_Work request_:
An exact transcription is needed of the lines below from the one with "さて、木灰すばを注文して、シャレオツ水をすすりながら待つことしばし。" through the one with "2、選擇短信驗證碼登錄后,需", with no other lines and no pictures.

_Records provided_:

┌──

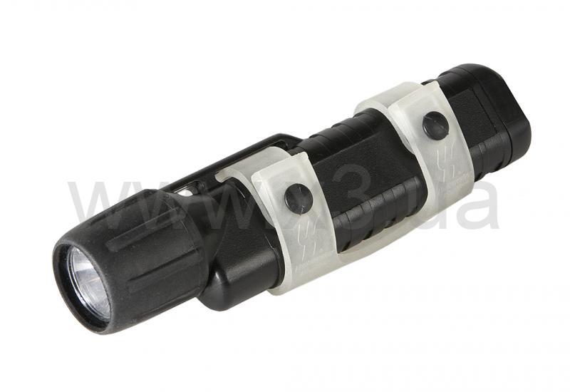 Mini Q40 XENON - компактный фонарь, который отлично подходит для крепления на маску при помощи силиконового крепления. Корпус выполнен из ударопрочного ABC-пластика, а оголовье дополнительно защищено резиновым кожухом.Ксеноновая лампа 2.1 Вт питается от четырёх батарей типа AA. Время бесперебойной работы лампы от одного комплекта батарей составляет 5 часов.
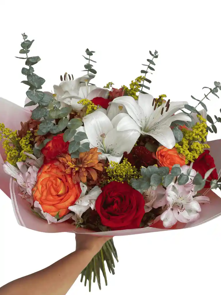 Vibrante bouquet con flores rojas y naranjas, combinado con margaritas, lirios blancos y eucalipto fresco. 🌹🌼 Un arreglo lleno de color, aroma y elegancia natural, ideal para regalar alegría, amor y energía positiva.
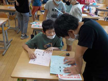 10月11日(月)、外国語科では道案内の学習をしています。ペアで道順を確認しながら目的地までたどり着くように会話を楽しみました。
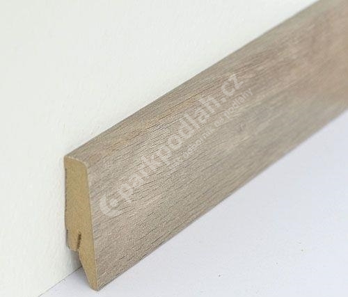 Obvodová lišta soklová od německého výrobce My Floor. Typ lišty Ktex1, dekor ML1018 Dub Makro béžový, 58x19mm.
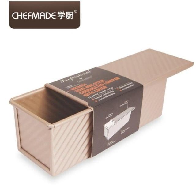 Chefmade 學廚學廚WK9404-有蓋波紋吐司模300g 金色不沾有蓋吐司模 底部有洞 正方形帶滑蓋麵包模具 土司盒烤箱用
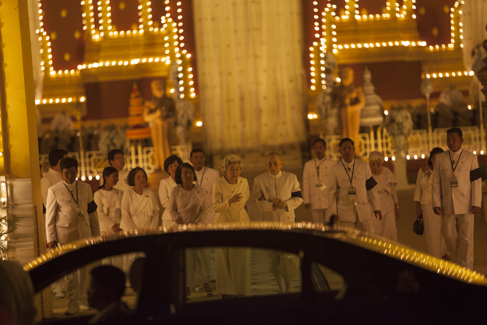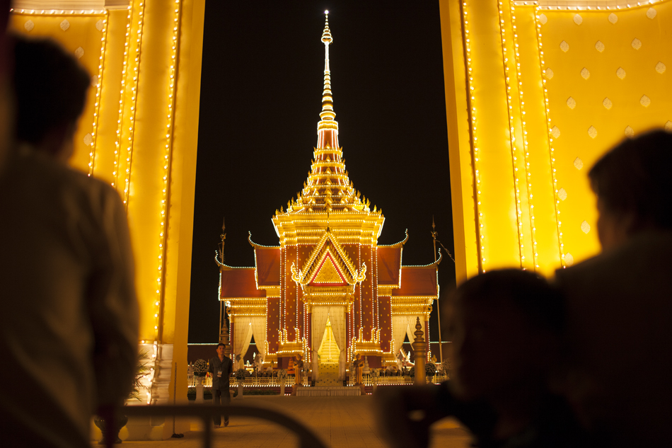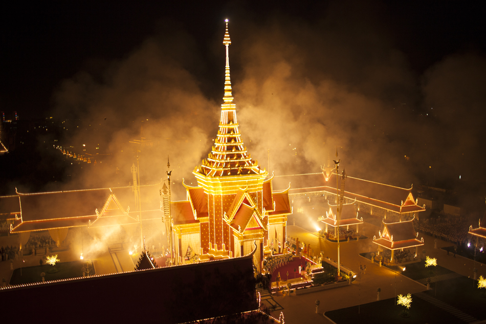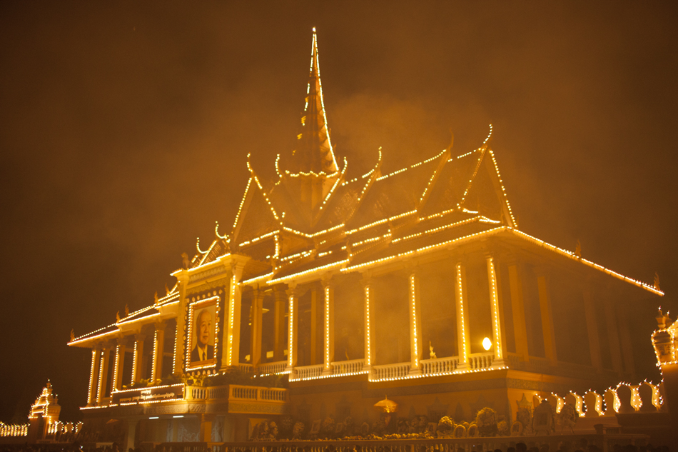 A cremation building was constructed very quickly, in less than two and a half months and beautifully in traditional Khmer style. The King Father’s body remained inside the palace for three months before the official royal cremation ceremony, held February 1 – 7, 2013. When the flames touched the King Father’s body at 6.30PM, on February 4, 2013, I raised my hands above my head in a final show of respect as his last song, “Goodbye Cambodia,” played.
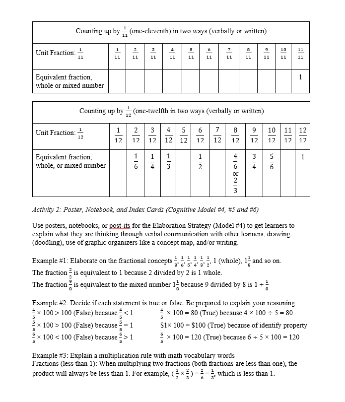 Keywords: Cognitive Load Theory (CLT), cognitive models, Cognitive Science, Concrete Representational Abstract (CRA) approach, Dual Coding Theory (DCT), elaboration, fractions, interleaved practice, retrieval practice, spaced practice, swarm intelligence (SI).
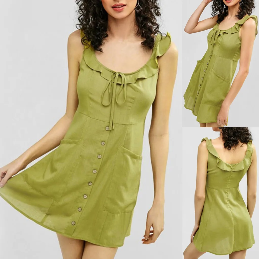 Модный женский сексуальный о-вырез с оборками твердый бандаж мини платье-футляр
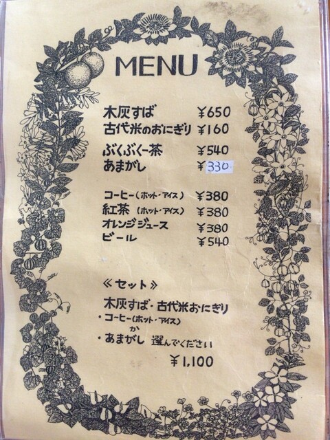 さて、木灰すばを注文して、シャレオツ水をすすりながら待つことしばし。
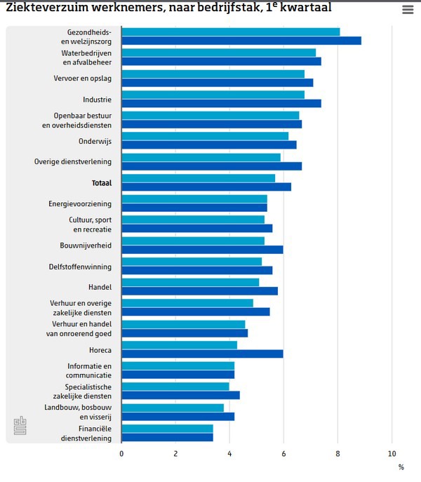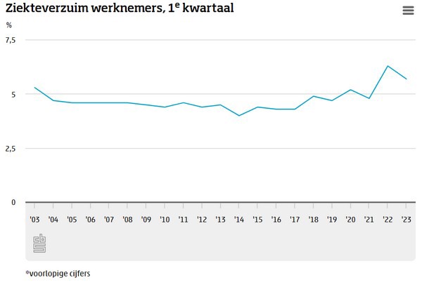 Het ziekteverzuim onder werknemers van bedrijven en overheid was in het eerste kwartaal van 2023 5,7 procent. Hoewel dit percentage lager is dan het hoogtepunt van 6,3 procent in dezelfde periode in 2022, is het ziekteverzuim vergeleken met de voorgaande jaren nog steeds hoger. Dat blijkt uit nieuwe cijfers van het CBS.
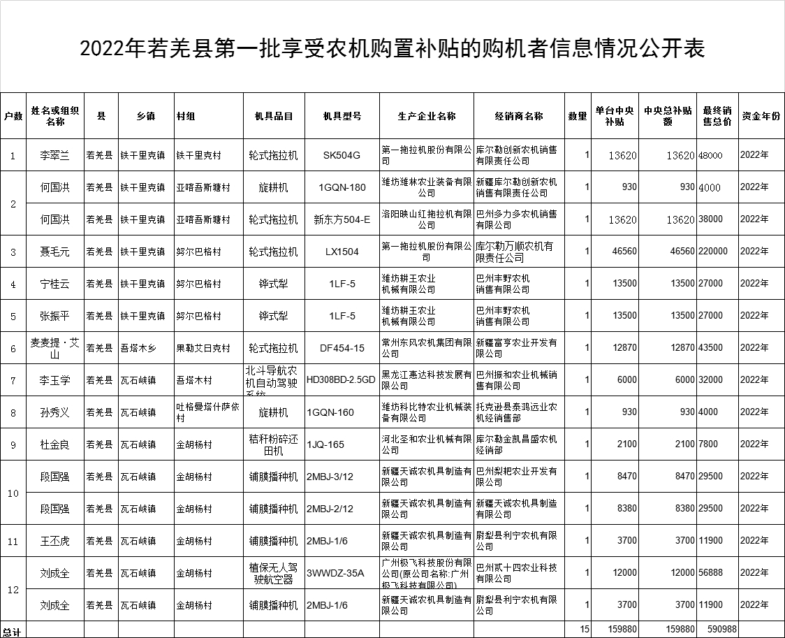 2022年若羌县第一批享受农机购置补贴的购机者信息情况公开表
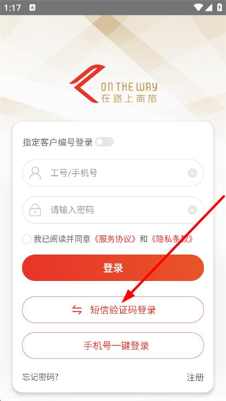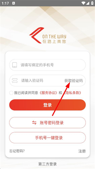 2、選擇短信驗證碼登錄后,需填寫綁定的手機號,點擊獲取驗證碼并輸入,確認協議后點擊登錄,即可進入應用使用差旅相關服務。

└──
┌──

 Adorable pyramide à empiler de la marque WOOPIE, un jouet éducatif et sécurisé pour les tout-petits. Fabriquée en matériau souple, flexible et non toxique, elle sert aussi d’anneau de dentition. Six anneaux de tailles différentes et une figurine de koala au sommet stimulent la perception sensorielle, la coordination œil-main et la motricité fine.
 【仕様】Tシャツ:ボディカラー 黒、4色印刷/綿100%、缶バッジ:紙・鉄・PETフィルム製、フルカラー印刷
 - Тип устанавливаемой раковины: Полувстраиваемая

└──

_Your solution_:
 さて、木灰すばを注文して、シャレオツ水をすすりながら待つことしばし。
 Het ziekteverzuim onder werknemers van bedrijven en overheid was in het eerste kwartaal van 2023 5,7 procent. Hoewel dit percentage lager is dan het hoogtepunt van 6,3 procent in dezelfde periode in 2022, is het ziekteverzuim vergeleken met de voorgaande jaren nog steeds hoger. Dat blijkt uit nieuwe cijfers van het CBS.
 2022年若羌县第一批享受农机购置补贴的购机者信息情况公开表
 2、選擇短信驗證碼登錄后,需填寫綁定的手機號,點擊獲取驗證碼并輸入,確認協議后點擊登錄,即可進入應用使用差旅相關服務。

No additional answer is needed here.